The Invisible Person Project

The Invisible Person Project

A full-body, signature-linked presence-registration blocking suit

Public Technical Disclosure Not Invisibility — Non-Registration X · S · M
A dream of a woman who did not want to be found in her own space: she was there, the knife grazed her, blood appeared — and only then was she registered as a person. This essay treats that dream as a device specification. The Invisible Person Project does not erase the body. It blocks the moment when the wearer is registered as "a person in the space" inside the observer's consciousness. A full-body suit (X) gives the wearer a unique signature (S). The suit emits a localized neural gating signal (M) that selectively suppresses the registration of any entity carrying S. Walls, doors, knives, and other people are perceived normally; only the wearer is missing from the conscious scene.

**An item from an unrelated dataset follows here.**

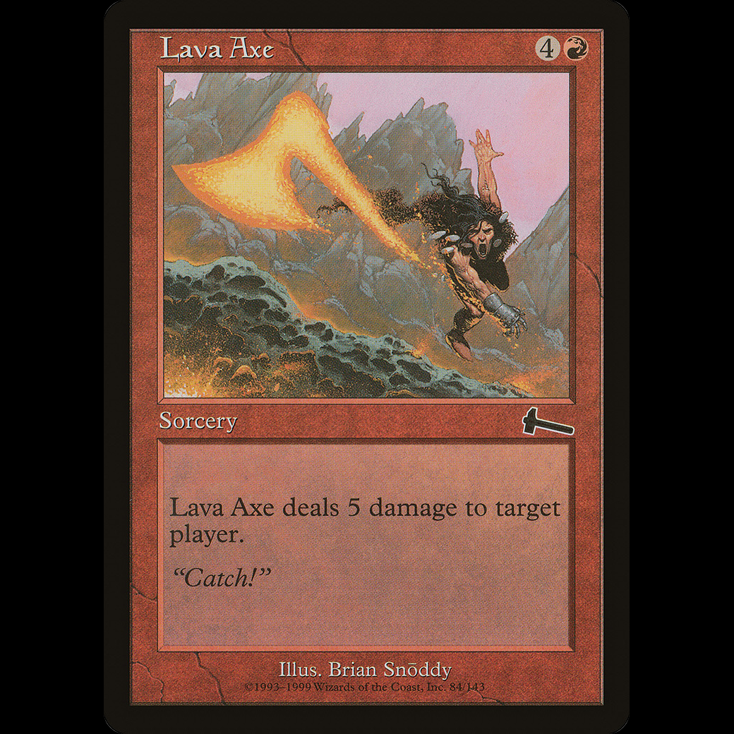 MTG Lava Axe Urza's LegacyLava Axe deals 5 damage to target player or planeswalker.

The Dream of an Unregistered Space

In the dream, a woman did not simply hide her body — she did not want to be registered as "a person in the space." A knife grazed her, blood appeared, and only then did her presence enter the man's consciousness. The project takes that scene as a device specification.

Not Erasing the Body — Blocking Registration of Presence

The wearer stays in the room: feet on the floor, doors openable, body still subject to collision and injury. What is blocked is the process by which the observer's mind registers the wearer as "a person there." A perceptual exclusion, not an optical one.

X — The Second Skin That Marks the Wearer

A stretchable functional layer (TPU/silicone elastomer + flexible electrodes + electroluminescent fibers) covering the entire body — scalp to fingertips — to make the wearer one continuous, addressable object that the neural gating signal can target.

S — The Unique Signature Only the Wearer Carries

A low-contrast temporal color modulation that humans perceive as a single fused color while the visual cortex still responds to its variation (Jiang/Zhou/He 2007). First test code: a 10 Hz signature for tACS phase-locked verification; later 25–30 Hz codes for low-visibility carriers.

M — A Neural Gating Signal That Suppresses Only Presence Registration

M does not blur the visual field or impair the observer's brain. It selectively suppresses the conscious registration of any entity carrying S — drawing on the work that distinguishes non-conscious processing from conscious access (Dehaene & Changeux 2011) and on tACS that biases perception when phase-locked to an external flicker (Fiene et al. 2022).

The First Experiment — Verifying the Selective S × M Interaction

A controlled study: an ordinary person and a full-body-suit wearer in the same scene; S applied digitally to the suit surface only; M delivered as occipital tACS at the same frequency, phase-tuned per participant. Only condition D — S present and M phase-locked — should drop detection of the suit wearer while keeping ordinary people and objects intact.